We’d like to see the forests be a mix of mature and all-age trees cleared out or under-burned enough to be able to take the flames when they do come, and big and diverse enough to quickly recover from all but the very worst fires.

In this enlightened vision, the Sierra Nevada range, where Snyder and his family have lived since 1971, is viewed as one large ecosystem, which policies of fire-suppression have hindered more than helped. Properly understood and intelligently managed, fire can be an ally, tool, and friend.

Quite naturally, Snyder’s contemplation of forest fires and human efforts to control them also prompts more general reflections on impermanence and human responses to that reality. “Everything is impermanent anyway,” he remarks in “Fire, Floods, and Following the Dao,” having earlier noted that in California everyone must be prepared for some form of natural disaster.
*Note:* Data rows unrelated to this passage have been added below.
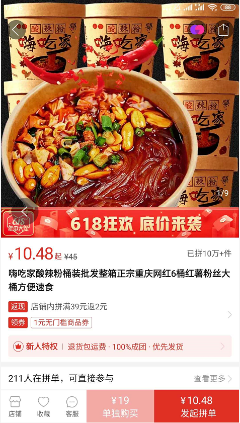 拼多多给用户提供了两种购买方式(如下图),一个是拼团购买,一个是单独购买。
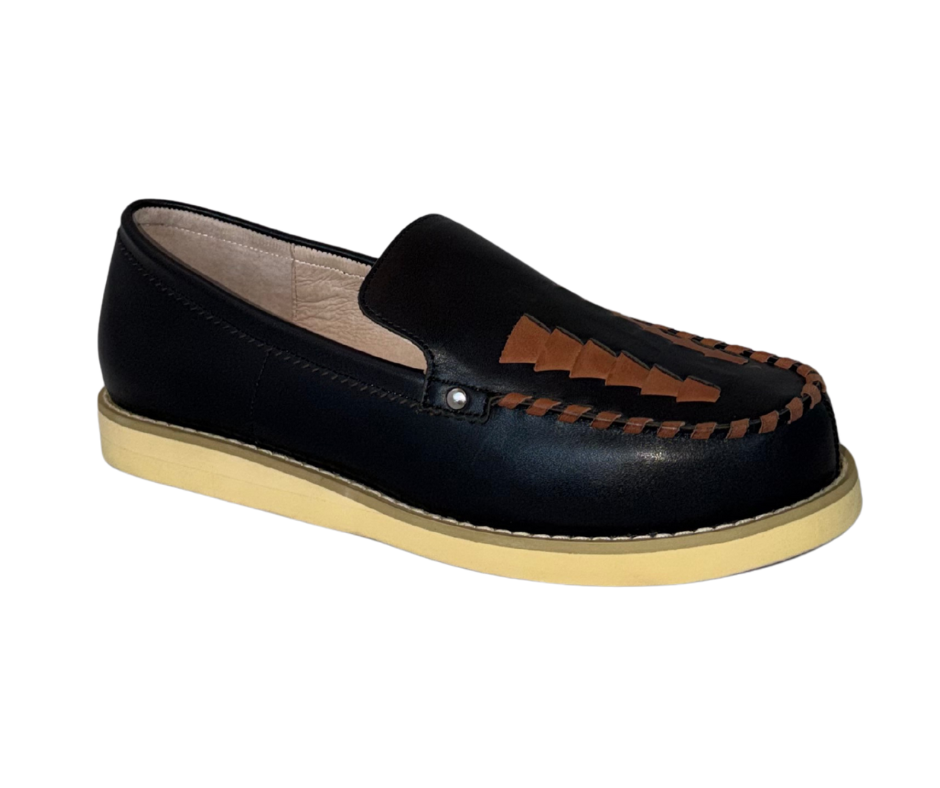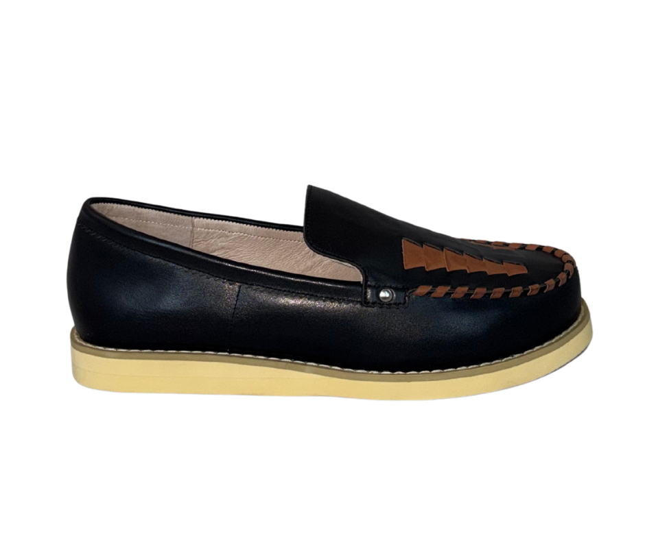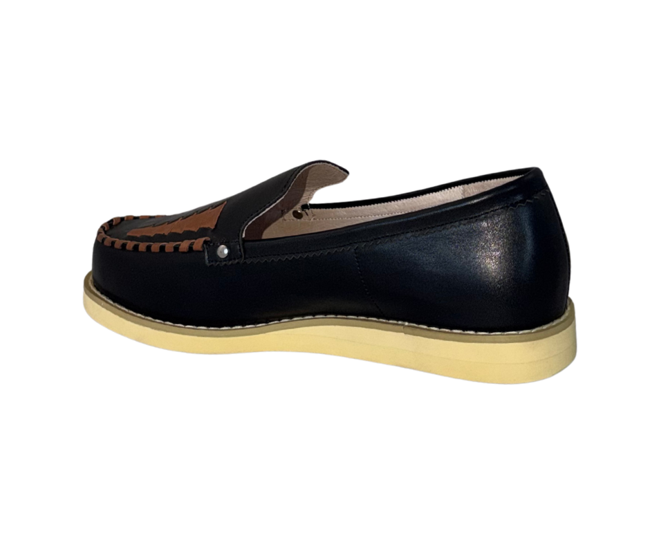 Introducing the Ophelia ladies loafer in timeless black leather – an exact reproduction of an original vintage mid-century pair, faithfully recreated to honour classic craftsmanship.
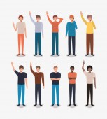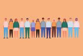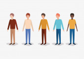 Kobiety i mężczyźni awatary kreskówki uśmiechające się na niebieskim tle wektor projektu
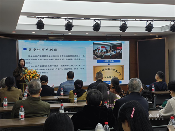 荊楚網(wǎng)(湖北日報(bào)網(wǎng))訊(通訊員 周璇)11月6日,武昌區(qū)糧道街道在曇華林社區(qū)舉辦第八期“書記大講堂”,以“從‘單打獨(dú)斗’到‘同心共治’:曇華林商戶聯(lián)盟的‘前世今生’”為主題,探索黨建引領(lǐng)下歷史文化街區(qū)可持續(xù)發(fā)展路徑。社區(qū)下沉單位黨員代表、社區(qū)工作者、小區(qū)黨支部委員及街道其他社區(qū)“兩委”成員代表共50人齊聚,共話基層治理良方。
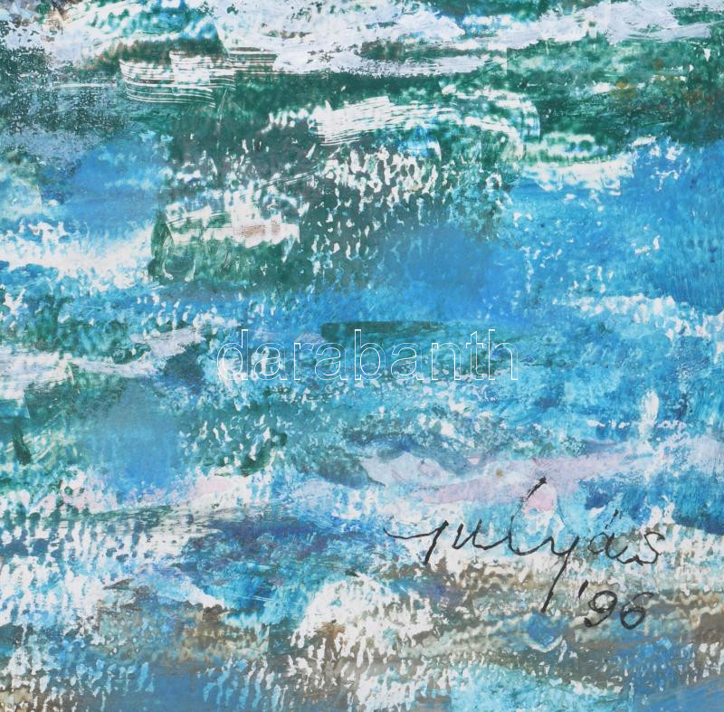 Beschreibung: Gulyás Dénes (1927-2003): Jégzajlás a Dunán Budapesten, a Parlament előtt, 1996. Olaj, farost, jelezve jobbra lent. Fakeretben. 60x80 cm
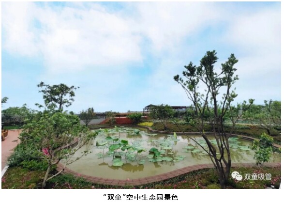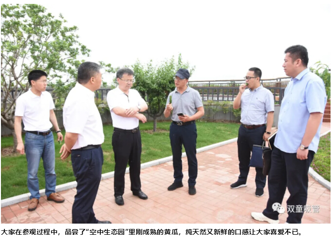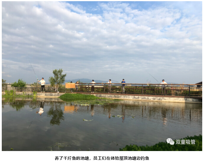 最后,樓仲平陪同李中文社長一行來到“雙童”新廠房的“空中生態(tài)園”,樓仲平介紹道:“這里栽種了200多棵果樹,還有各種蔬菜基地、藕塘、百花苑、還有養(yǎng)了千斤魚的池塘、標(biāo)準(zhǔn)的籃球場......
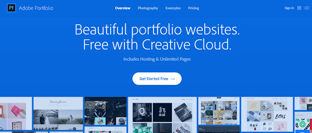 Adobe Portfolio offers the option of creating a welcome page (contact details, biography and links to profiles on social networking sites) and building a gallery of works that can be sent directly or imported from Behance or Lightroom. The platform automatically adapts to any device.

In “Coyote Makes Things Hard,” he observes that in a Maidu tale about two sacred characters named Earthmaker and Coyote Old Man, the former hopes for a painless universe and the latter argues for impermanence, or things as they actually are. And in “Writers and the War Against Nature,” Snyder endorses Coyote’s argument, turning awareness of impermanence into a moral imperative:

The quest for permanence has always led us astray—whether in building stone castles, Great Walls, pyramids and tombs for pharaohs, great navies, giant cathedrals to ease us toward heaven, or cold war-scale weapons systems guaranteeing mutually assured destruction. We must live with change, like a bird on the wing, and in doing so—let all the other beings live on too. Not permanence, but living in harmony with the Way.

In keeping with this imperative, Snyder depicts himself (in “Lifetimes with Fire”) discarding “dumb thoughts and failed ideas” by tossing them into a fire. “How many times,” he asks, “have I thrown you / back on the fire.”

Here, as often in this book, Snyder’s simple eloquence is affecting. At the same time, one can admire the poet’s phrasing and commend his sentiments without accepting all of his arguments, which are often repetitious and sometimes overstated. Has the quest for permanence always led us astray? One thinks of the heroic reconstruction of the Uffizi Museum after the flood of 1966—or, closer to home, the current effort to create a permanent monument on the site of the World Trade Center. Similarly, when Snyder approvingly reports that the “experts” recommend taking down the levees as the “best way to prevent great floods,” he seems wistfully remote from the economic realities of the Gulf States and the suffering inflicted by Katrina. And when, in “Migration/ Immigration,” he suggests that the boundaries between Canada, Mexico, and the United States be declared “null and void,” the poet Snyder, normally one of the most grounded of the planet’s inhabitants, appears to have inhaled an excess of mountain air or taken an overdose of Mahayana theory.

Such oddities notwithstanding, Back on the Fire is a valuable collection, at once timely, tough-minded, and inspiring. Although his book contains poignant elegies for Allen Ginsberg and Philip Whalen and a dignified memorial page for Snyder’s wife, Carole Lynn Koda (1947–2006), Snyder’s eyes are trained most often on the present or the future, his gaze extending as far as the “sixtieth millennium.” Snyder’s speculations will be of particular interest to artists, writers, and poets, who, he notes, have often been “explorers of the wild mind.” But the general reader will also find things of value, ranging from the latest perspectives on biodiversity to practical instructions for felling trees. And for students of the dharma, who may wish to integrate Buddhist precepts and practice with environmental concern, these open-minded, openhearted essays have much to offer. With cogency and grace, they show us the Way.

BEN HOWARD is a professor emeritus of English at Alfred University in Alfred, New York, and is the author of several books of poetry. He is a longtime student of Zen and Vipassana.